I have a data frame that is 11 rows by 17604 columns. The number of rows can vary as I change my clustering.
B42D2033/26 G02B27/2214 G02F1/133753 G02F1/133707 G02F1/1341 G02F1/1339 G02F1/133371 G02B6/005 C08G73/12 G02F1/1303 ... G06F17/30035 G06F21/629 B65B3/26 E04D13/00 G06F17/30952 G07C9/00912 F02C9/28 G06F17/28 G06F17/30964 G06F21/82
Cluster
C1 0.000000 1.000000 0.000000 0.000000 0.000000 1.000000 0.000000 0.000000 0.000000 0.000000 ... 0.000000 0.000000 0.000000 0.000000 0.000000 0.000000 0.000000 0.000000 0.000000 0.000000
C10 0.000000 3.250000 0.000000 0.000000 0.000000 0.000000 0.000000 0.000000 0.000000 0.000000 ... 0.000000 0.000000 0.000000 0.000000 0.000000 0.000000 0.000000 0.000000 0.000000 0.000000
C11 0.020619 1.149485 0.262887 0.829897 0.551546 1.030928 0.082474 1.175258 0.005155 0.216495 ... 0.005155 0.010309 0.005155 0.005155 0.005155 0.005155 0.005155 0.005155 0.005155 0.005155
C2 0.000000 1.000000 0.000000 0.000000 0.000000 0.000000 0.000000 0.000000 0.000000 0.000000 ... 0.000000 0.000000 0.000000 0.000000 0.000000 0.000000 0.000000 0.000000 0.000000 0.000000
C3 0.000000 0.000000 0.000000 0.000000 0.000000 0.000000 0.000000 0.000000 0.000000 0.000000 ... 0.000000 0.000000 0.000000 0.000000 0.000000 0.000000 0.000000 0.000000 0.000000 0.000000
C4 0.055556 13.500000 8.333333 24.555556 13.166667 26.666667 3.277778 4.222222 0.000000 2.388889 ... 0.000000 0.000000 0.000000 0.000000 0.000000 0.000000 0.000000 0.000000 0.000000 0.000000
C5 0.000000 0.750000 0.000000 0.000000 0.000000 0.500000 0.000000 0.250000 0.000000 0.000000 ... 0.000000 0.000000 0.000000 0.000000 0.000000 0.000000 0.000000 0.000000 0.000000 0.000000
C6 0.032258 3.451613 0.000000 0.000000 0.000000 0.387097 0.000000 0.064516 0.000000 0.000000 ... 0.000000 0.000000 0.000000 0.000000 0.000000 0.000000 0.000000 0.000000 0.000000 0.000000
C7 0.000000 0.000000 0.250000 0.000000 0.000000 0.250000 0.000000 0.000000 0.000000 1.500000 ... 0.000000 0.000000 0.000000 0.000000 0.000000 0.000000 0.000000 0.000000 0.000000 0.000000
C8 0.000000 0.076923 0.153846 0.346154 0.000000 0.884615 0.461538 0.192308 0.038462 0.076923 ... 0.000000 0.000000 0.000000 0.000000 0.000000 0.000000 0.000000 0.000000 0.000000 0.000000
C9 0.000000 0.000000 0.000000 0.000000 0.000000 0.000000 0.000000 0.000000 0.000000 0.000000 ... 0.000000 0.000000 0.000000 0.000000 0.000000 0.000000 0.000000 0.000000 0.000000 0.000000
I would like to produce a dictionary or Series for each cluster based on the value in the column.
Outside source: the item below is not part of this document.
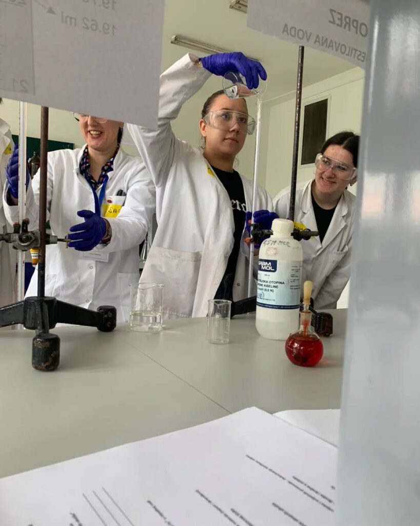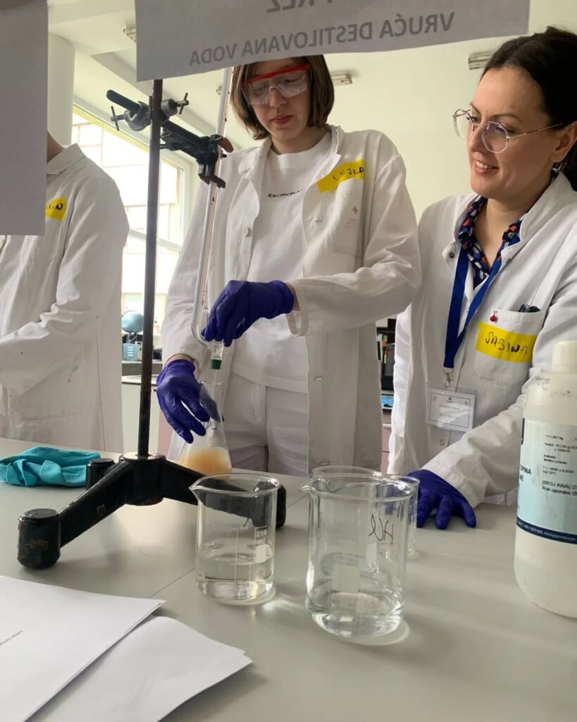 Tokom ove inspirativne posjete, učenici su imali priliku družiti se sa studentima Odsjeka za hemiju, kao i aktivno učestvovati u izvođenju zanimljivih eksperimenata iz analitičke hemije.

For example, all column where the value !=0
might look, in dictionary form like:
{'C1', ['G02B27/2214', 'G02F1/1339']}
How can I produce a series for each cluster row where the value is equal to 'some value' or a range of values?
I did look at Select rows from a DataFrame based on values in a column in pandas, but that solution isn't for all columns in a row.
EDIT:
I realized that I can transpose the df
and do something like:
df_clusters.T[df_clusters.T['C1']>0]
Which returns a df
with every row where 'C1' is greater than 0. I suppose I could drop the other cluster columns, but I don't think this is the best solution.